News Release

VERITAS telescopes help solve 100-year-old mystery: The origin of cosmic rays

Peer-Reviewed Publication

Center for Astrophysics | Harvard & Smithsonian

VERITAS Image of M82

image: This representative-color figure shows the very-high-energy gamma-ray emission observed by VERITAS coming from the Cigar Galaxy, also known as Messier 82. The black star is the location of the active starburst region. The emission from M82 is effectively point-like for VERITAS, and the white circle indicates the size of a simulated point source. The entire galaxy would be contained within the circle. view more 

Credit: CfA/V.A. Acciari

Nearly 100 years ago, scientists detected the first signs of cosmic rays - subatomic particles (mostly protons) that zip through space at nearly the speed of light. The most energetic cosmic rays hit with the punch of a 98-mph fastball, even though they are smaller than an atom. Astronomers questioned what natural force could accelerate particles to such a speed. New evidence from the VERITAS telescope array shows that cosmic rays likely are powered by exploding stars and stellar "winds."

These findings were published in the Nov. 1 online issue of the journal Nature, and are being featured today in a press conference at the Fermi Science Symposium in Washington, DC.

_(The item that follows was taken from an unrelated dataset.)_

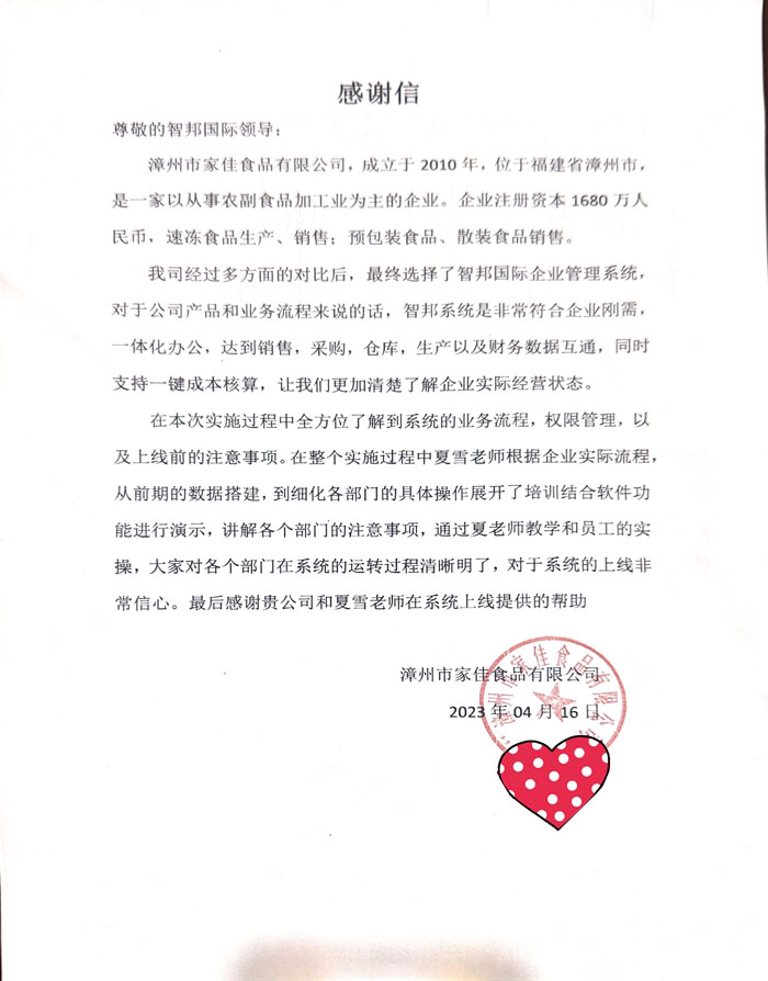 家佳食品向智邦国际送感谢信

The rarest cosmic rays carry over 100 billion times as much energy as generated by any particle accelerator on Earth. ("Cosmic ray" is a historical misnomer, since they are individual particles, not a ray or beam.) Astronomers have devised ingenious methods for detecting cosmic rays that hit Earth's atmosphere. However, detecting cosmic rays from a distance requires much more effort.

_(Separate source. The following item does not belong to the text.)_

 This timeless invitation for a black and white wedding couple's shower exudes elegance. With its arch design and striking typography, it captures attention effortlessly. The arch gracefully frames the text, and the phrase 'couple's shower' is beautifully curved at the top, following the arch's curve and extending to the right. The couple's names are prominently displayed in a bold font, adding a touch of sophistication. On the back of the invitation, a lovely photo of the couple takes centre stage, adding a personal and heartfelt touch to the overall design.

VERITAS has found new evidence for cosmic rays in the "Cigar Galaxy," also known as Messier 82 (M82), which is located 12 million light-years from Earth in the direction of the constellation Ursa Major.

"This discovery has been predicted for almost 20 years, but until now no instrument was sensitive enough to see it," said Wystan Benbow, an astrophysicist at the Smithsonian Astrophysical Observatory. Benbow coordinated this project for the Very Energetic Radiation Imaging Telescope Array System (VERITAS) collaboration.

The VERITAS observations strongly support the long-held theory that supernovae and stellar winds from massive stars are the dominant accelerators of cosmic-ray particles. Galaxies with high levels of star formation like M82, also known as "starburst" galaxies, have large numbers of supernovae and massive stars. If the theory holds, then starburst galaxies should contain more cosmic rays than normal galaxies. The VERITAS discovery confirms that expectation, indicating that the cosmic-ray density in M82 is approximately 500 times the average density in our Galaxy, the Milky Way.

"This discovery provides fundamental insight into the origin of cosmic rays," said Rene Ong, a professor of physics at the University of California, Los Angeles, and the spokesperson for the VERITAS collaboration.

VERITAS could not detect M82's cosmic rays directly because they are trapped within the Cigar Galaxy. Instead, VERITAS looked for clues to the presence of cosmic rays: gamma rays. Gamma rays are the most energetic form of light, far more powerful than ultraviolet light or even X-rays. When cosmic rays interact with interstellar gas and radiation within M82, they produce gamma rays, which can then escape their home galaxy and reach Earthbound detectors.

It took two years of dedicated data collection to tease out the faint signal coming from M82.

"We knew that the detection of M82 would have important scientific implications. As a result, we scheduled an exceptionally long exposure immediately after the experiment became fully operational" said Benbow. "The data needed to be meticulously analyzed to extract the gamma-ray signal, which is over a million times smaller than the background noise. Although the signal is only a tiny fraction of the data, we made many checks for possible bias and we are confident that the signal is genuine."

"The detection of M82 indicates that the universe is full of natural particle accelerators, and as ground-based gamma-ray observatories continue to improve, further discoveries are inevitable." said Martin Pohl, a professor of physics at Iowa State University who helped lead the study. A next-generation VHE gamma-ray observatory, the Advanced Gamma-ray Imaging System (AGIS), is already under development.